Given records Start Marker
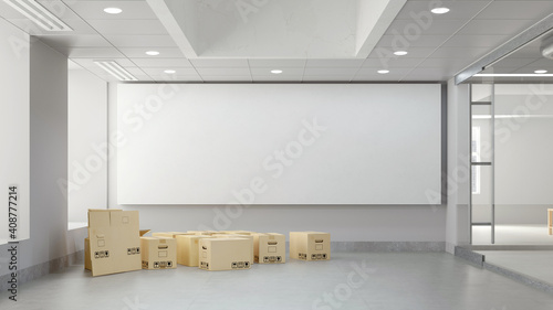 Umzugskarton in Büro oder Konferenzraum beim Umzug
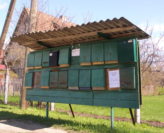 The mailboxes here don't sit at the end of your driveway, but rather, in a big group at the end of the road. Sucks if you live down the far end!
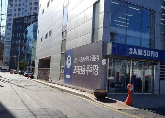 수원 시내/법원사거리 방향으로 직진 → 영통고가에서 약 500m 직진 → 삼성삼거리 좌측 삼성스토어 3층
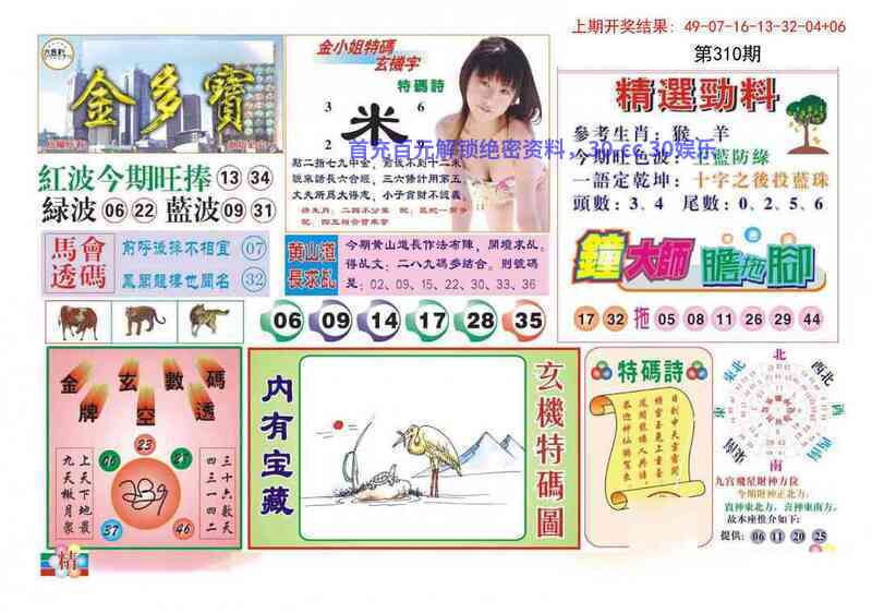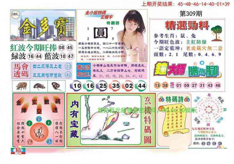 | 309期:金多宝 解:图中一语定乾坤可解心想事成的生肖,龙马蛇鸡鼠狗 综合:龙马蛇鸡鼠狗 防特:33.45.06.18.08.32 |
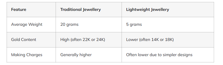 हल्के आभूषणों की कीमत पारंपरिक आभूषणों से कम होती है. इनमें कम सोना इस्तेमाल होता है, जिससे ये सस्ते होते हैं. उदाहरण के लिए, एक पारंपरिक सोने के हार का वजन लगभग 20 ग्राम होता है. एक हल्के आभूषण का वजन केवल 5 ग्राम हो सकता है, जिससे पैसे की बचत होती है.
Given records End Marker
* **What you will do**
Make an exact copy of the lines above, starting at the line that contains "The mailboxes here" and running through the final line of the entries. Omit the pictures.

* **Answer box**
 The mailboxes here don't sit at the end of your driveway, but rather, in a big group at the end of the road. Sucks if you live down the far end!
 수원 시내/법원사거리 방향으로 직진 → 영통고가에서 약 500m 직진 → 삼성삼거리 좌측 삼성스토어 3층
 | 309期:金多宝 解:图中一语定乾坤可解心想事成的生肖,龙马蛇鸡鼠狗 综合:龙马蛇鸡鼠狗 防特:33.45.06.18.08.32 |
 हल्के आभूषणों की कीमत पारंपरिक आभूषणों से कम होती है. इनमें कम सोना इस्तेमाल होता है, जिससे ये सस्ते होते हैं. उदाहरण के लिए, एक पारंपरिक सोने के हार का वजन लगभग 20 ग्राम होता है. एक हल्के आभूषण का वजन केवल 5 ग्राम हो सकता है, जिससे पैसे की बचत होती है.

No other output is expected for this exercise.